FINANCIAL pressure on Exmoor National Park Authority (ENPA) budgets could be eased by an increased Government grant, says the area’s MP.

Ministers have announced an additional £10 million in funding this year for national parks and National Landscapes - the new name for Areas of Outstanding Natural Beauty.

The extra allocation comes as the preliminary steps were being taken toward creating a new national park as a means of encouraging wider public use of the countryside.

But West Somerset MP Ian Liddell-Grainger said with a new national park should come additional money if the pool of funding for the existing ones was not to be further diluted.

Mr Liddell-Grainger said ENPA's administration had come under intense pressure because of successive reductions in Government grants.

Exmoor National Park Authority headquarters in Dulverton
Exmoor National Park Authority's headquarters, in Dulverton. (Tindle News)

He said: “I accept that during the years of austerity some savings had to be achieved but it is time to start reversing that process.

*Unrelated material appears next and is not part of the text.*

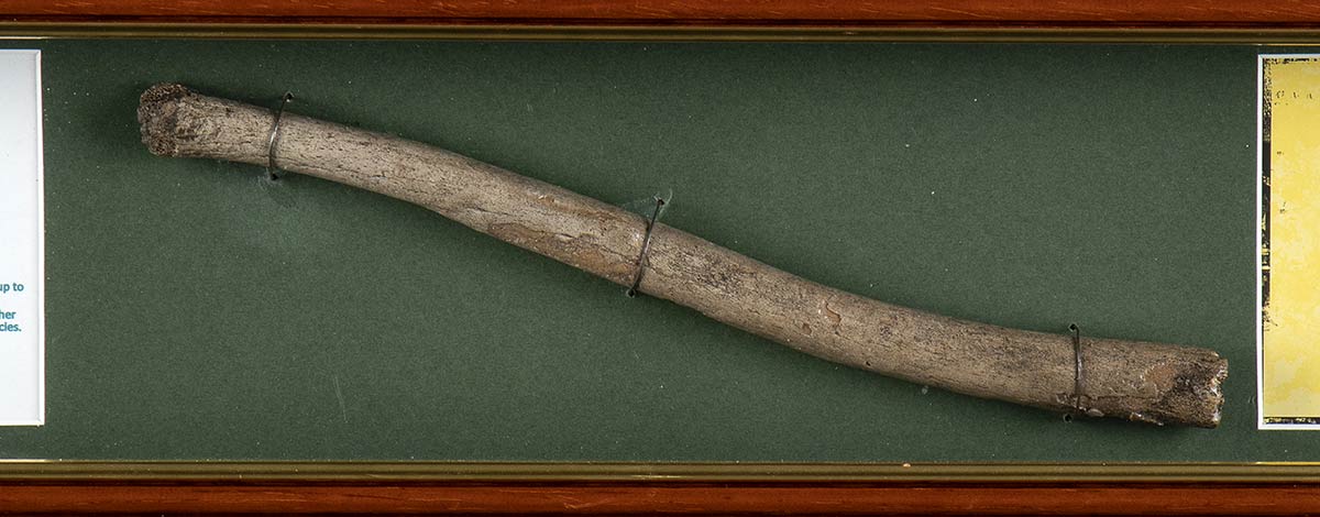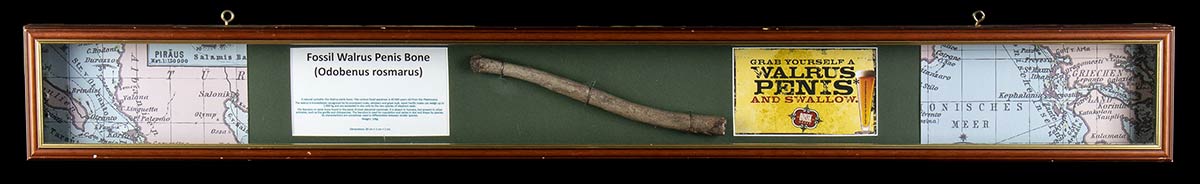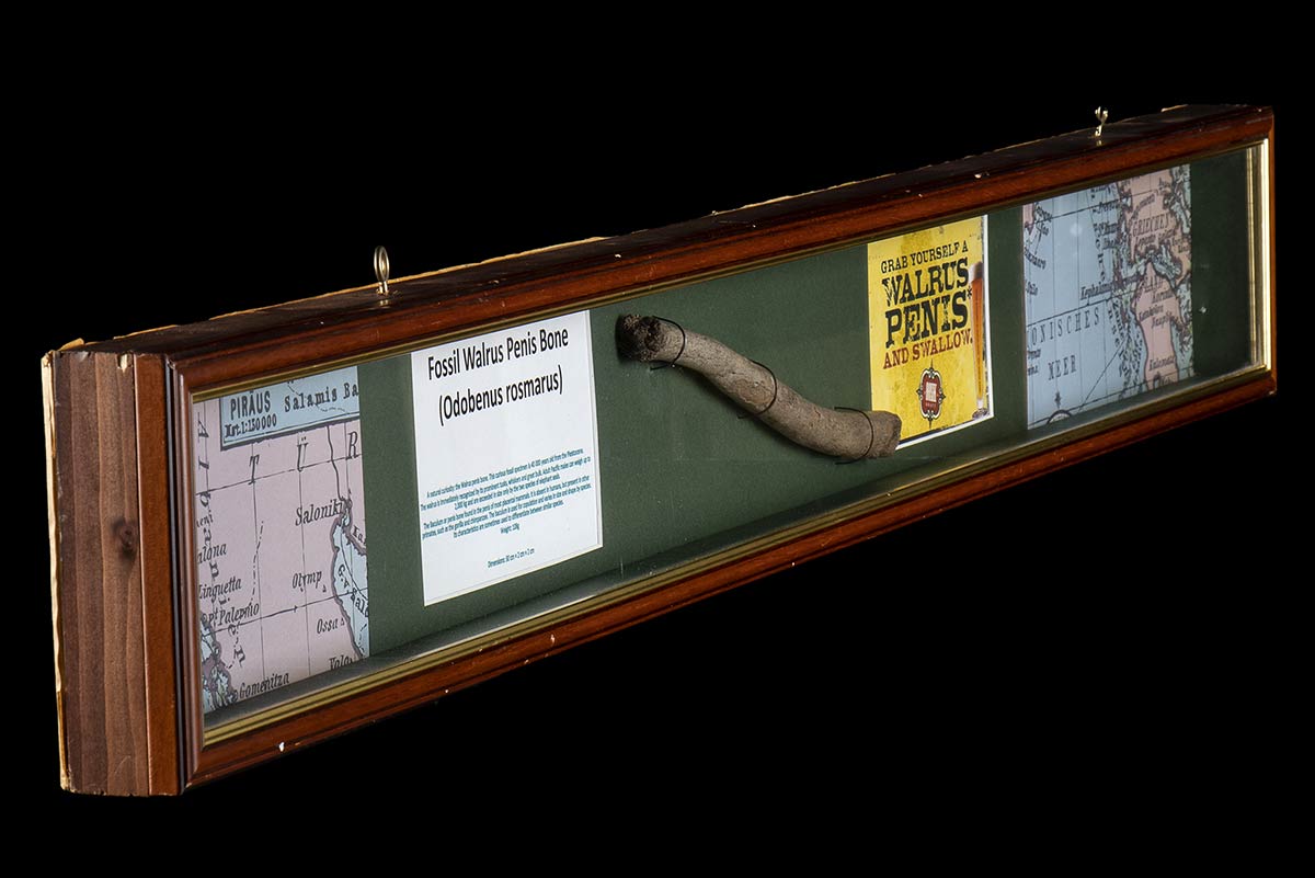 Pene di tricheco o Baculum fossile all'interno di una vetrina decorativa in legno che probabilmente faceva parte di un vecchio locale inglese poiché arricchita da mappe e didascalie sui generis. Dimensioni: 135 cm x 16 cm.

“Jobs have been lost on Exmoor as a consequence of budget reductions and more are threatened, jeopardising the park authority’s ability to properly discharge all its various duties and functions.

“In my view, it is essential that the Government acts to place all the presently designated areas on a sounder financial footing before blithely creating a new national park with all the financial implications that go with it.”

The first national parks were designated 75 years ago as a way of protecting and enhancing the country’s finest landscapes.

Mr Liddell-Grainger said: “The need to protect and enhance is as great now as it was then, if not greater.

“The Government cannot allow the park authorities to carry on running on fumes, they must be given the proper financial tools to do their job.”